An example of a line:
Hello,World,This,Is,A lot, of Text
Where the tokens should be output as
1. Hello
2. World
3. This
4. Is
5. A lot, of Text
For this assignment we MUST use strtok. Because of this I found on some other SOF post that using strtok with an empty string (or passing "\n" as the second argument) results in reading until the end of the line. This is perfect for my application since the extra commas always appear in the last element.

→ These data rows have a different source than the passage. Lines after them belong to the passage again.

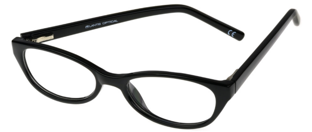
SKU: 10303008 Style: L8028 BLK Color: Black Category: Kids Material: Plastic Size: 48 17 130
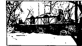
ELEGANT TUDOR in Bloomfield Hills with exquisite architectural detailing. Treed natural landscaping and stone walks. Four bedrooms, 3½ baths. Newly decorated walk-out lower level. Motivated. $499,000. (851-5500) 181274
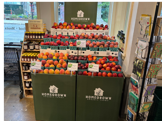
WEAVERS WAY CO-OP Philadelphia, PA
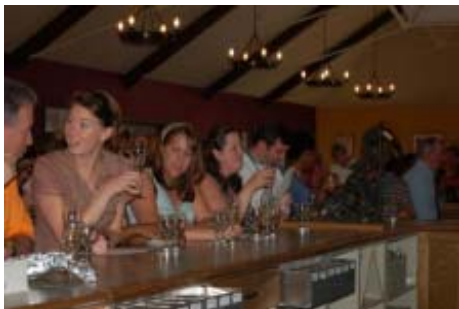
Free time at the Biltmore Estate
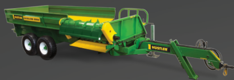
CHAINLESS 8000 TRAILED 4-BALE FEEDER

Our dealer network guarantees technical backup and quick replacement of parts.
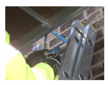
For additional safety the Easi-Dec will always be fixed to the wall via an Eye-Bolt.
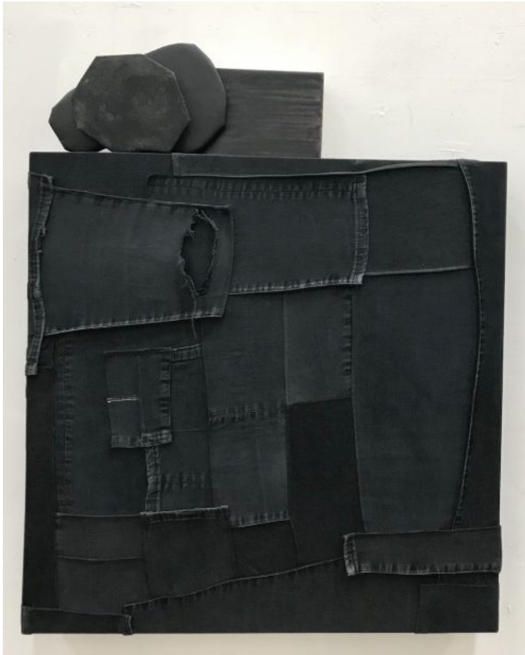
Uh Huh Her, 2020, denim, leather, canvas water color on wood, 31.5 x 25"

With this work, I'm really allowing materials to reveal themselves and for the construction to be its own thing – an accumulation or layering of experience and experimentation. I'm literally constructing the planes
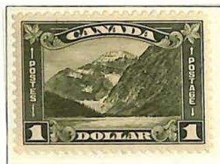
Mt. Edith Cavell, B. C.

I've created this code which works:
#include <string.h>
#include <stdlib.h>
#include <stdio.h>
#define NUM_TOKENS 5
const char *line = "Hello,World,This,Is,Text";
char **split_line(const char *line, int num_tokens)
{
char *copy = strdup(line);
// Make an array the correct size to hold num_tokens
char **tokens = (char**) malloc(sizeof(char*) * num_tokens);
int i = 0;
for (char *token = strtok(copy, ",\n"); i < NUM_TOKENS; token = strtok(NULL, i < NUM_TOKENS - 1 ? ",\n" : "\n"))
{
tokens[i++] = strdup(token);
}
free(copy);
return tokens;
}
int main()
{
char **tokens = split_line(line, NUM_TOKENS);
for (int i = 0; i < NUM_TOKENS; i++)
{
printf("%s\n", tokens[i]);
free(tokens[i]);
}
}
Now this works and should get me full credit but I hate this ternary that shouldn't be needed:
token = strtok(NULL, i < NUM_TOKENS - 1 ? ",\n" : "\n");
I'd like to replace the method with this version:
char **split_line(const char *line, int num_tokens)
{
char *copy = strdup(line);
// Make an array the correct size to hold num_tokens
char **tokens = (char**) malloc(sizeof(char*) * num_tokens);
int i = 0;
for (char *token = strtok(copy, ",\n"); i < NUM_TOKENS - 1; token = strtok(NULL, ",\n"))
{
tokens[i++] = strdup(token);
}
tokens[i] = strdup(strtok(NULL, "\n"));
free(copy);
return tokens;
}
This tickles my fancy much nicer since it is much easier to see that there is a final case. You also get rid of the strange ternary operator.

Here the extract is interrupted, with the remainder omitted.